◆ **Material for this exercise**:
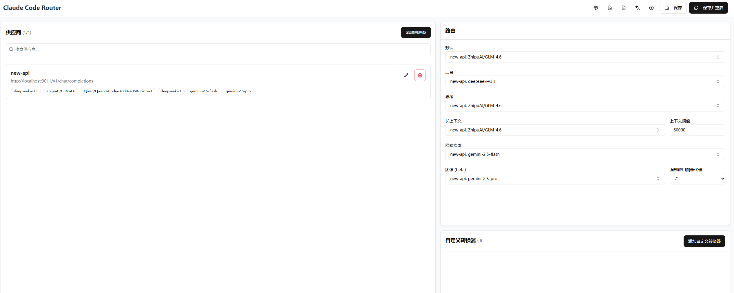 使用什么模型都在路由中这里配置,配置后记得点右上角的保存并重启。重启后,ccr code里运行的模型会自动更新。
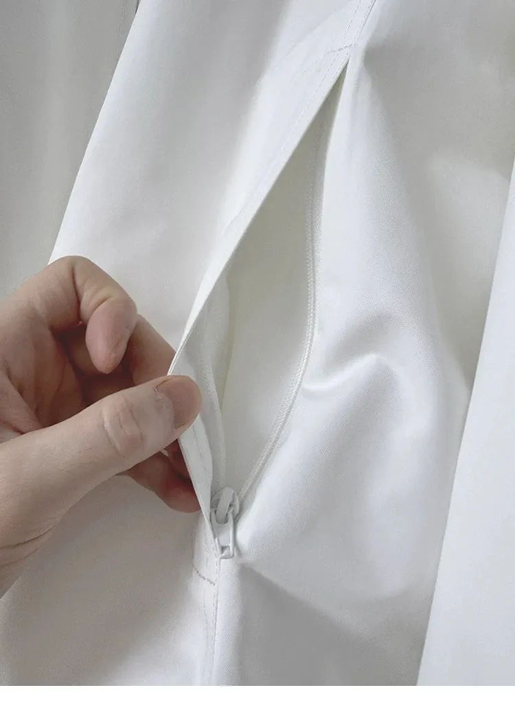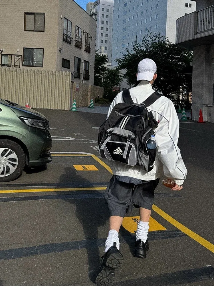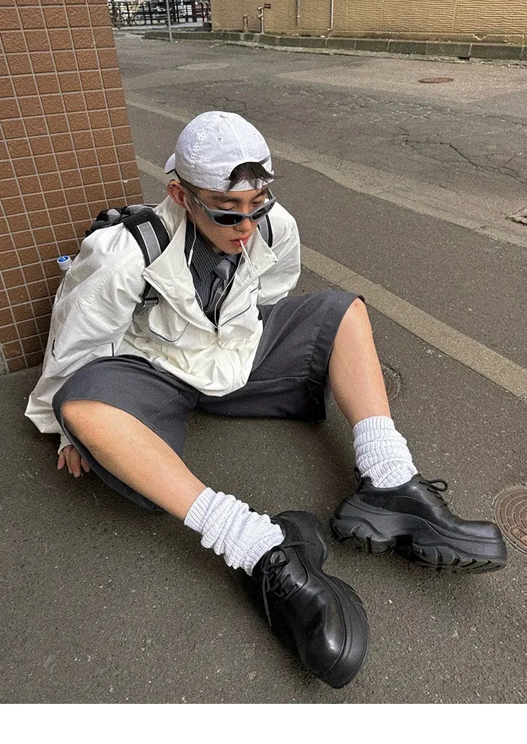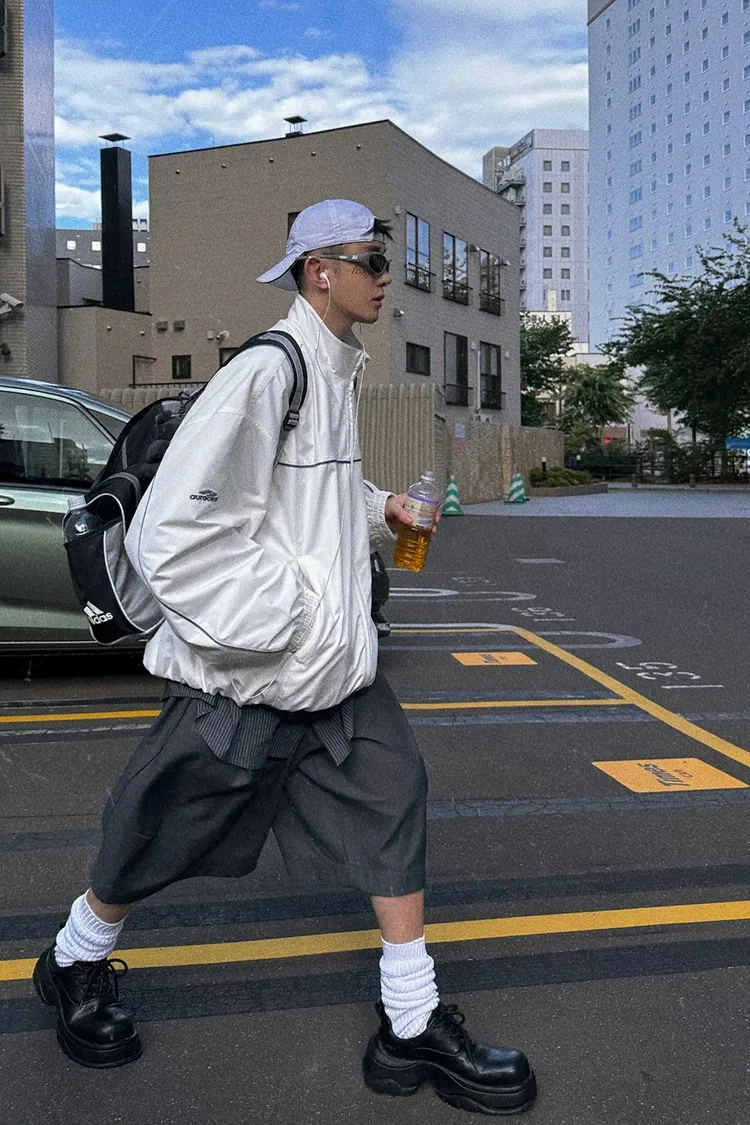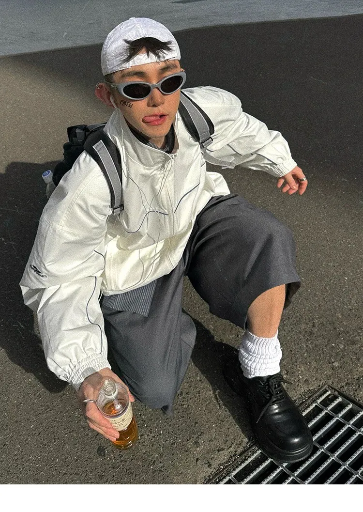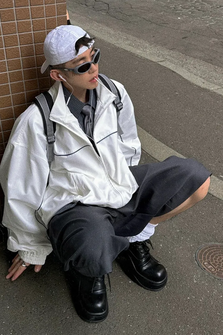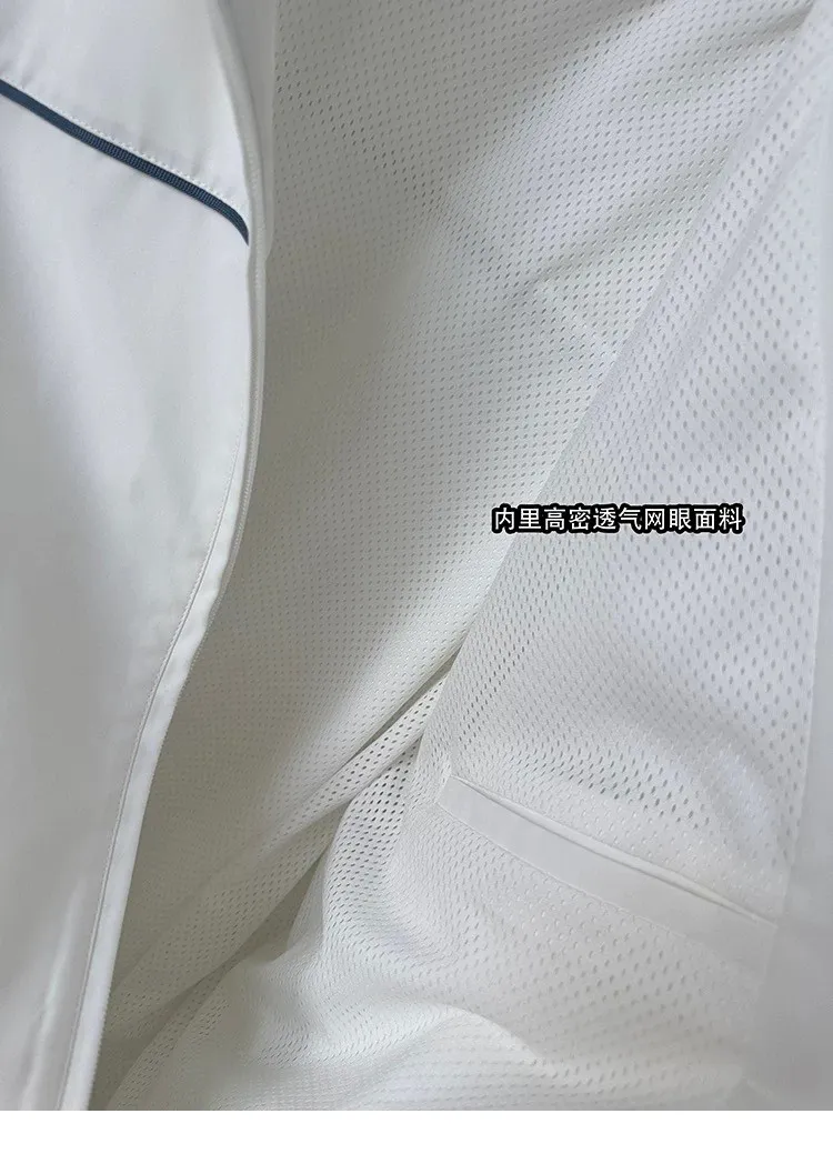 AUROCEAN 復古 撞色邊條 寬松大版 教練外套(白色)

* * *

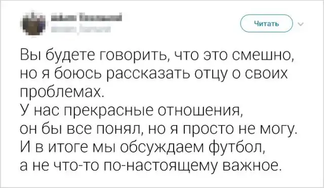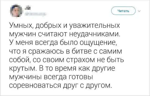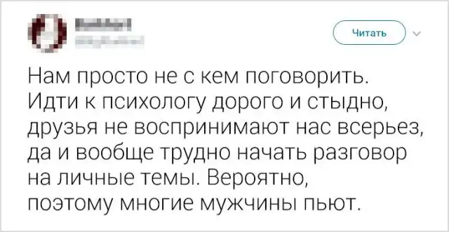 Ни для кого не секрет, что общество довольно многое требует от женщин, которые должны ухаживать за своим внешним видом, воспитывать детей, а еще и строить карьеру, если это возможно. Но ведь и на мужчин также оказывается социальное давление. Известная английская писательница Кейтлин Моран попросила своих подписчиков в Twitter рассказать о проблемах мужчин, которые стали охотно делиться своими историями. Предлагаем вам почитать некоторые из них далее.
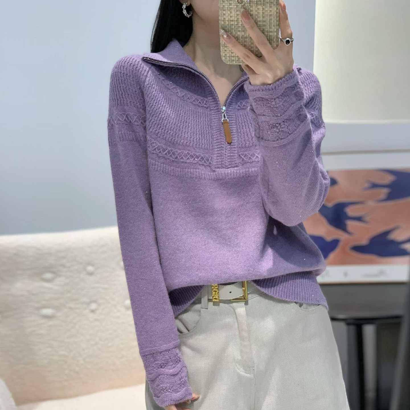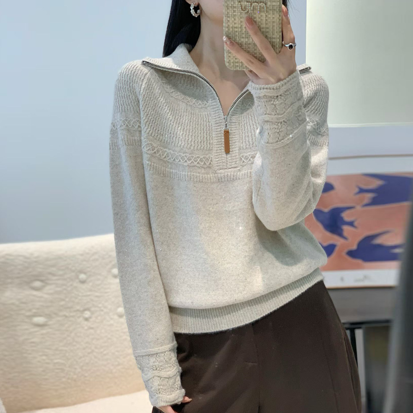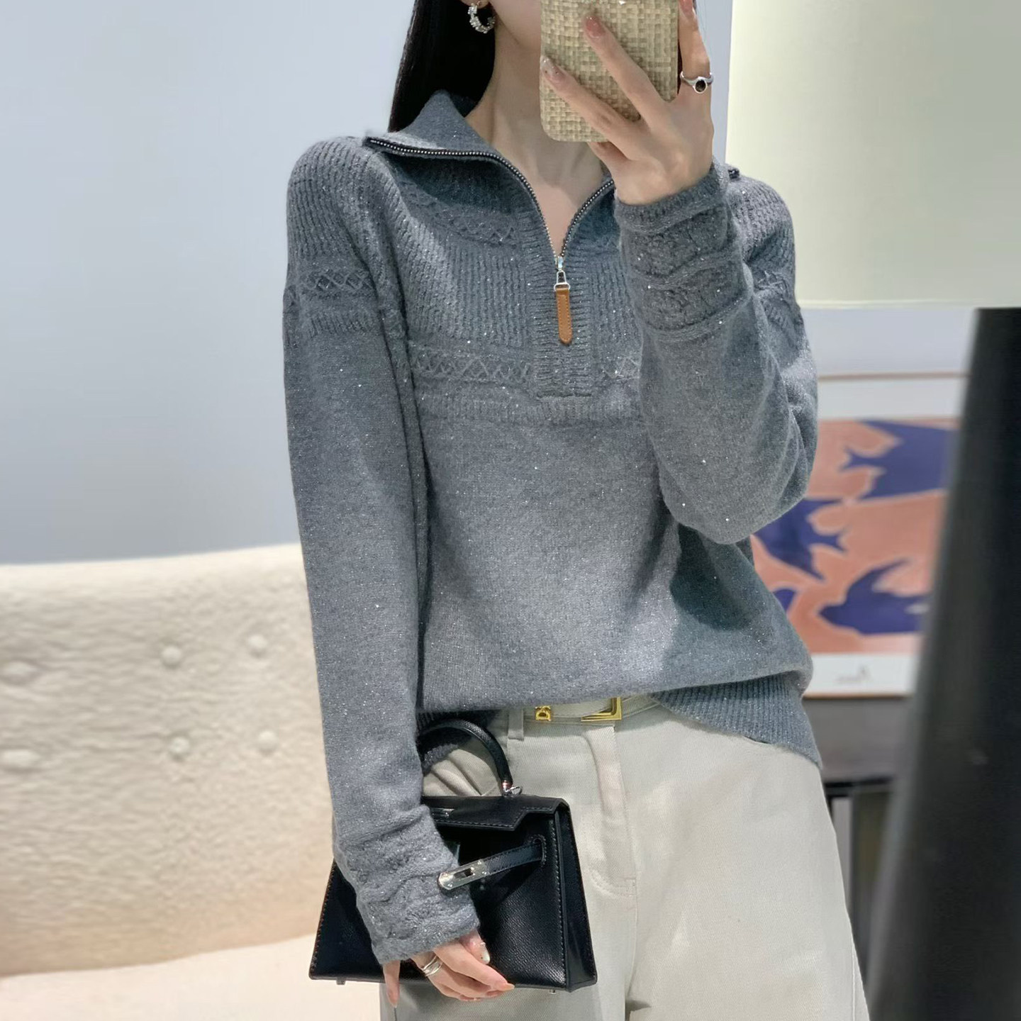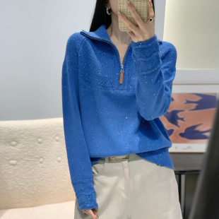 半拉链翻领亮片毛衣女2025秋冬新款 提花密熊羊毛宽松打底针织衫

◆ **What is expected**:
Without the pictures, give again exactly the lines above starting at the line containing "使用什么模型都在路由中这里配" and ending at the line containing "AUROCEAN 復古 撞色邊條 寬松大版 教練外套(白色)".

◆ **Solution to this task**:
 使用什么模型都在路由中这里配置,配置后记得点右上角的保存并重启。重启后,ccr code里运行的模型会自动更新。
 AUROCEAN 復古 撞色邊條 寬松大版 教練外套(白色)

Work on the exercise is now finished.